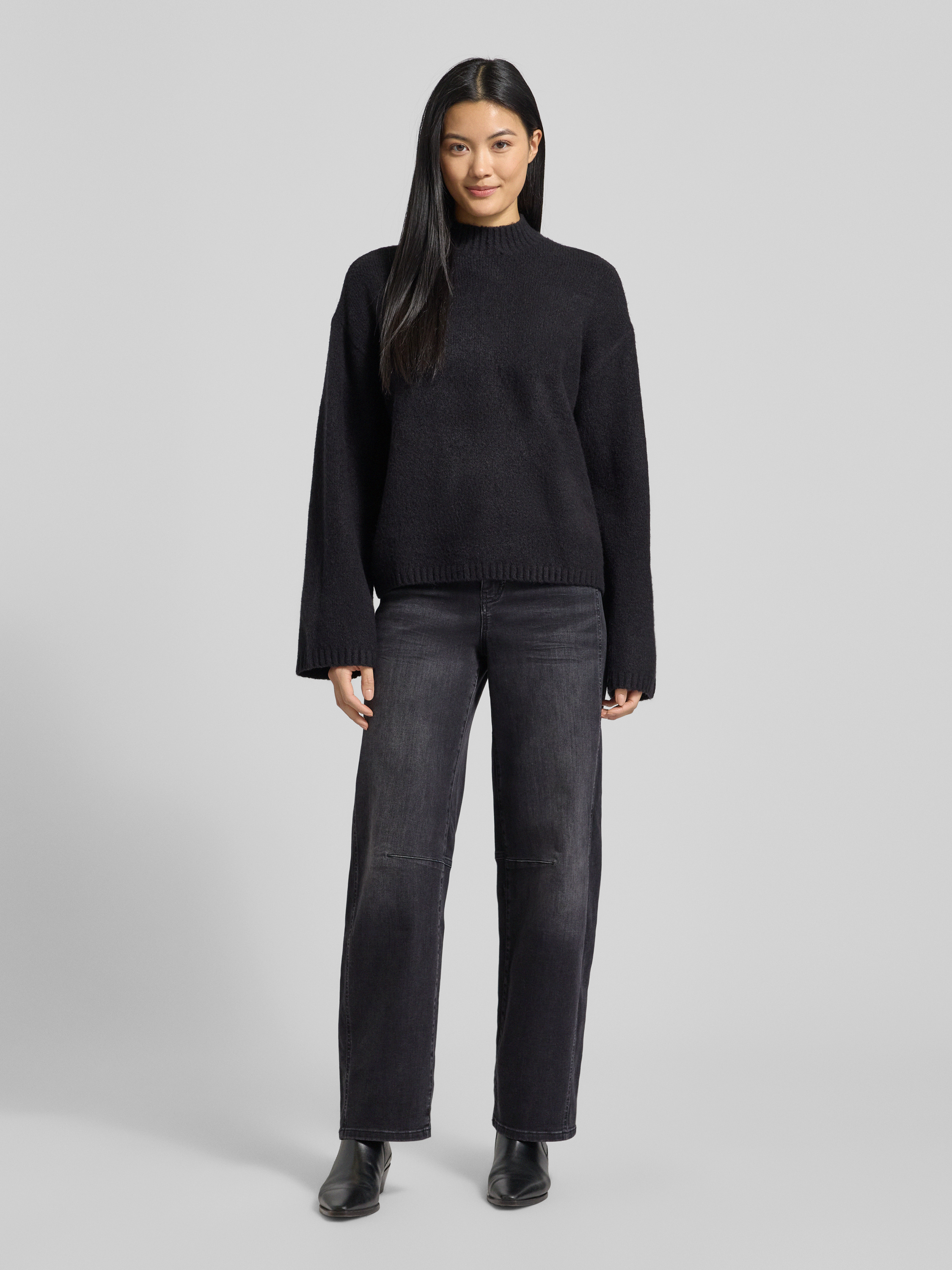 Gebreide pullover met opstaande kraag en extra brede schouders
———
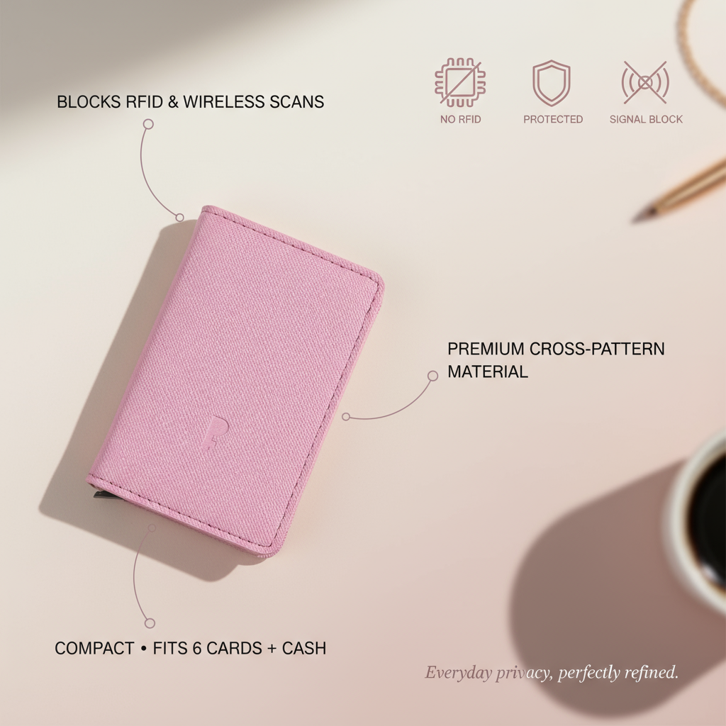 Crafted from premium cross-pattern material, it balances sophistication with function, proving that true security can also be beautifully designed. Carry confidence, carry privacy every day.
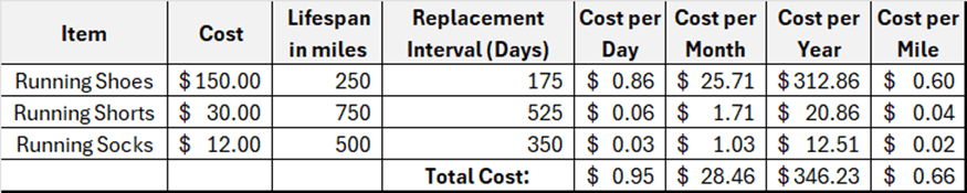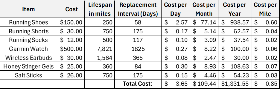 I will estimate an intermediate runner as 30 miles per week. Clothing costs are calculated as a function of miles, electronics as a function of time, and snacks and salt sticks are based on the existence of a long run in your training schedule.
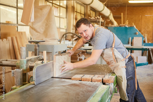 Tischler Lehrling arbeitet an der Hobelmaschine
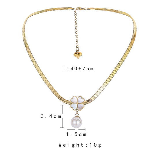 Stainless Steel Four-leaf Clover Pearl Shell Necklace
———
Copy the listing above exactly, but only from the line with "I will estimate" through the line with "Tischler Lehrling arbeitet", including those two lines and excluding any picture.

 I will estimate an intermediate runner as 30 miles per week. Clothing costs are calculated as a function of miles, electronics as a function of time, and snacks and salt sticks are based on the existence of a long run in your training schedule.
 Tischler Lehrling arbeitet an der Hobelmaschine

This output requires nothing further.